» ASSIGNMENT
Below is a set of records. Repeat them verbatim without the pictures.

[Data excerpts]
-------

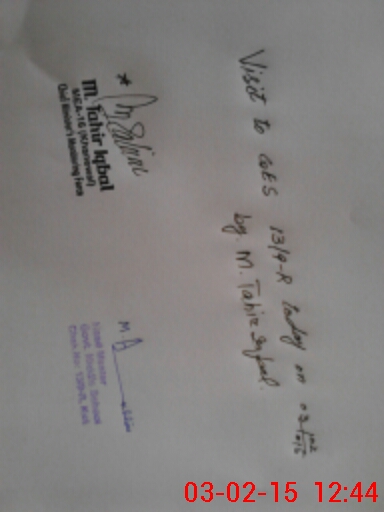 | Monitoring Date: 03-02-2015 | Start Time: 03-02-2015 11:56 AM | End Time: 03-02-2015 12:50 PM | Name of MEA: M.Ta**** Iq**** (S**** | |
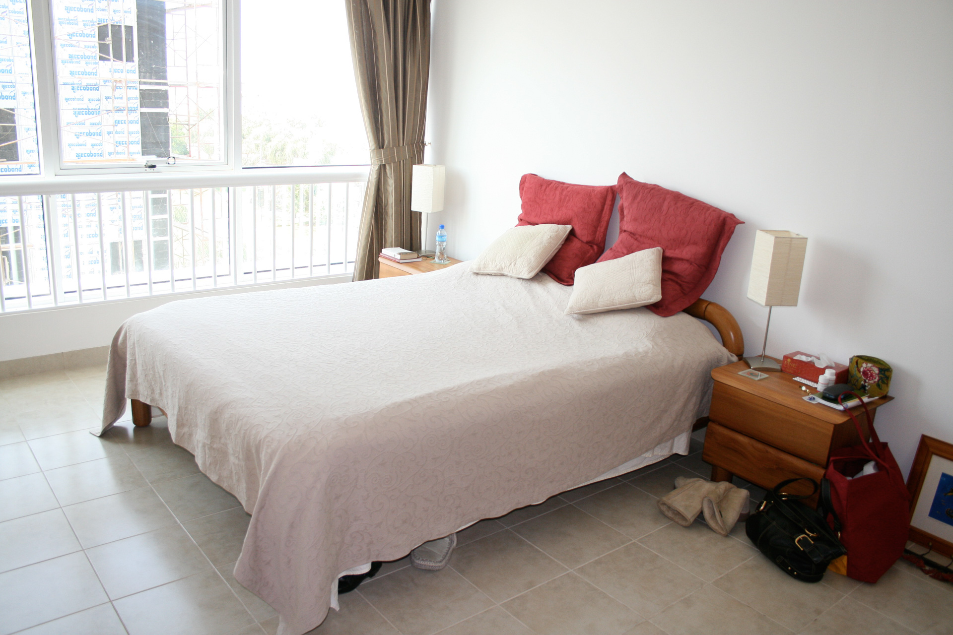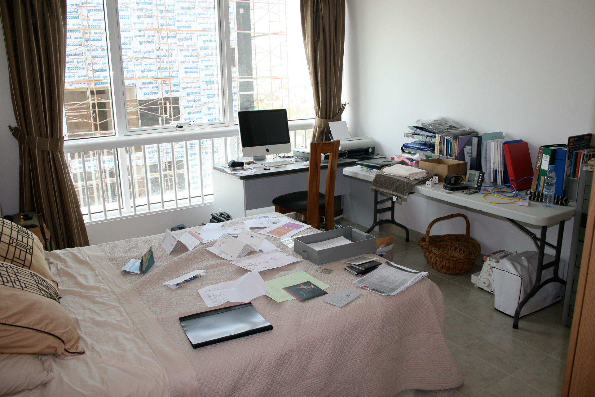 Unfortunately the spare room is a bit more cramped as it doubles as an office space. This is where we are sitting when we are talking on Skype. If you are coming to visit, this is your room. I promise to clear some of the mess before you get here.
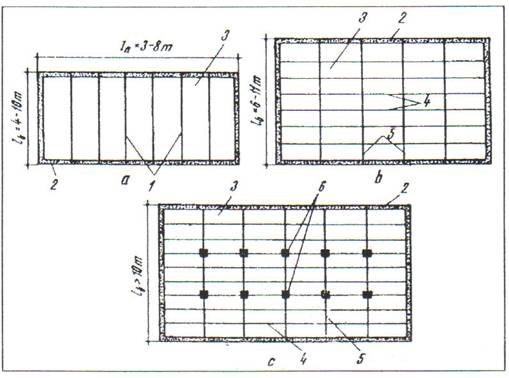 a - cu grinzi dispuse dupa o singura directie; b - cu grinzi principale si grinzi secundare, fara reazeme intermediare, c - cu reazeme intermediare;1 - nervuri; 2 - perete; 3 - palca; 4 - grinzi secundare; 5 - grinzi principale; 6 - stalpi.
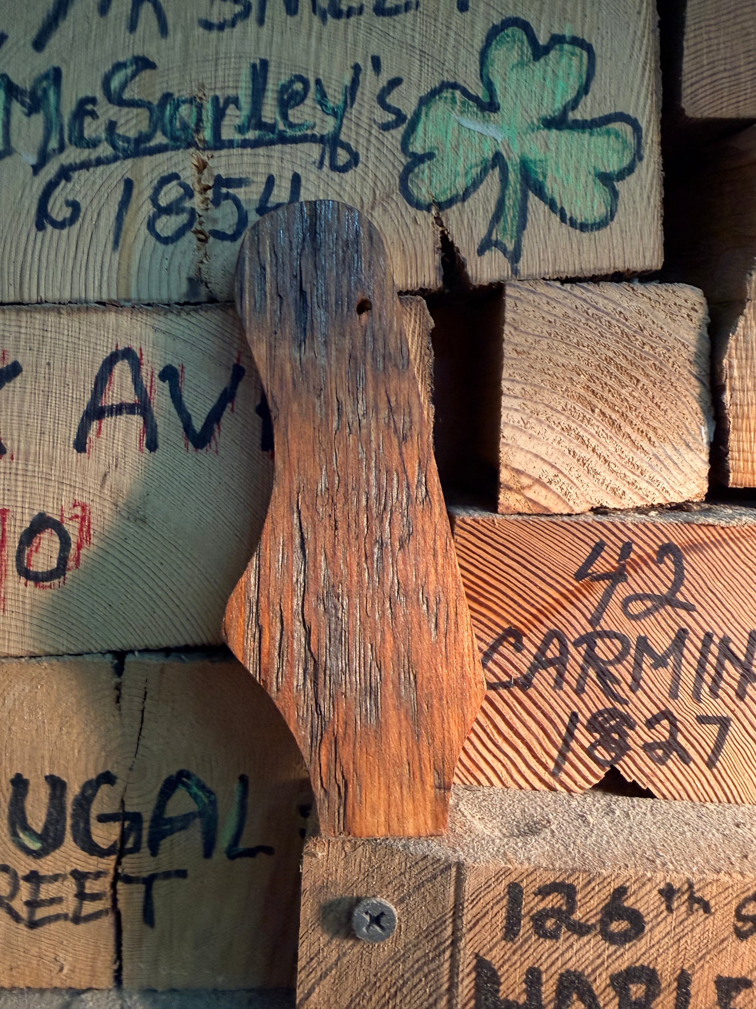 Handmade out of the scraps from the Bones of Old New York Bowery Pine guitars that we are known for. You can place these babies anywhere and even add a hook if you want to gift an ornament! Each one unique and grain/visual varies slightly.
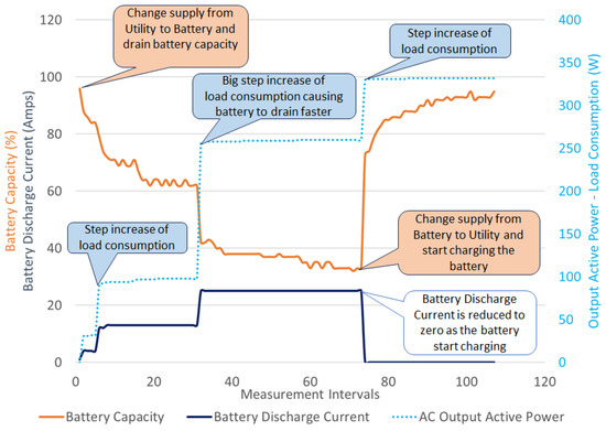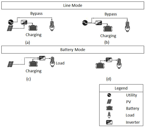 Figure 6 shows the hybrid inverter, which serves as an integration interface connecting DC-generated solar power, the utility grid and battery storage. The hybrid inverter has the ability to identify supply interruptions in the utility grid and seamlessly switch to an alternative power source based on predefined internal settings of supply priority. Furthermore, the inverter can be controlled via serial communication to execute specific functions whenever needed. This communication employs the cyclic redundancy check (CRC) protocol, which ensures a high level of data integrity by performing error checks. The inverter has two operational modes: line mode and battery mode. In line mode, the inverter can function in bypass mode, directly supplying power to the load from the utility while also charging the battery via solar PV panels, as shown in Figure 7a. In cases where there are no solar PV panels, the battery will be charged by the utility, as illustrated in Figure 7b. In the battery mode, the load can be supplied either from solar PV, the battery or both sources simultaneously, as shown in Figure 7c,d. In the absence of solar PV, the load can only receive power from the battery. The laboratory simulation is conducted using Figure 7b,d since there is no solar PV connection to the inverter.
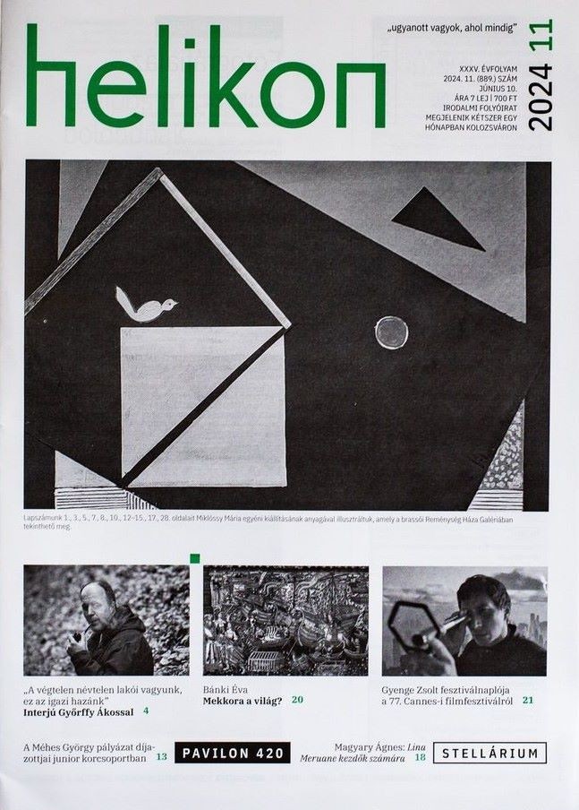Megjelent a Helikon első júniusi, 2024/11-es száma, Várkonyi Onerva Flóra fordításában Pelle Romantique verseivel, valamint Mărcuţiu-Rácz Dóra vezércikkével.
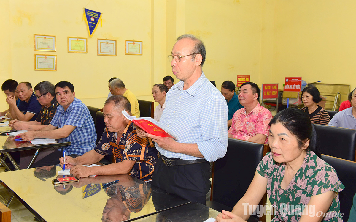 Đảng viên cao tuổi ở tổ 17, phường Tân Quang (TP Tuyên Quang) thảo luận tại một cuộc sinh hoạt chi bộ của tổ.

-------

» SOLVED EXERCISE
 | Monitoring Date: 03-02-2015 | Start Time: 03-02-2015 11:56 AM | End Time: 03-02-2015 12:50 PM | Name of MEA: M.Ta**** Iq**** (S**** | |
 Unfortunately the spare room is a bit more cramped as it doubles as an office space. This is where we are sitting when we are talking on Skype. If you are coming to visit, this is your room. I promise to clear some of the mess before you get here.
 a - cu grinzi dispuse dupa o singura directie; b - cu grinzi principale si grinzi secundare, fara reazeme intermediare, c - cu reazeme intermediare;1 - nervuri; 2 - perete; 3 - palca; 4 - grinzi secundare; 5 - grinzi principale; 6 - stalpi.
 Handmade out of the scraps from the Bones of Old New York Bowery Pine guitars that we are known for. You can place these babies anywhere and even add a hook if you want to gift an ornament! Each one unique and grain/visual varies slightly.
 Figure 6 shows the hybrid inverter, which serves as an integration interface connecting DC-generated solar power, the utility grid and battery storage. The hybrid inverter has the ability to identify supply interruptions in the utility grid and seamlessly switch to an alternative power source based on predefined internal settings of supply priority. Furthermore, the inverter can be controlled via serial communication to execute specific functions whenever needed. This communication employs the cyclic redundancy check (CRC) protocol, which ensures a high level of data integrity by performing error checks. The inverter has two operational modes: line mode and battery mode. In line mode, the inverter can function in bypass mode, directly supplying power to the load from the utility while also charging the battery via solar PV panels, as shown in Figure 7a. In cases where there are no solar PV panels, the battery will be charged by the utility, as illustrated in Figure 7b. In the battery mode, the load can be supplied either from solar PV, the battery or both sources simultaneously, as shown in Figure 7c,d. In the absence of solar PV, the load can only receive power from the battery. The laboratory simulation is conducted using Figure 7b,d since there is no solar PV connection to the inverter.
Megjelent a Helikon első júniusi, 2024/11-es száma, Várkonyi Onerva Flóra fordításában Pelle Romantique verseivel, valamint Mărcuţiu-Rácz Dóra vezércikkével.
 Đảng viên cao tuổi ở tổ 17, phường Tân Quang (TP Tuyên Quang) thảo luận tại một cuộc sinh hoạt chi bộ của tổ.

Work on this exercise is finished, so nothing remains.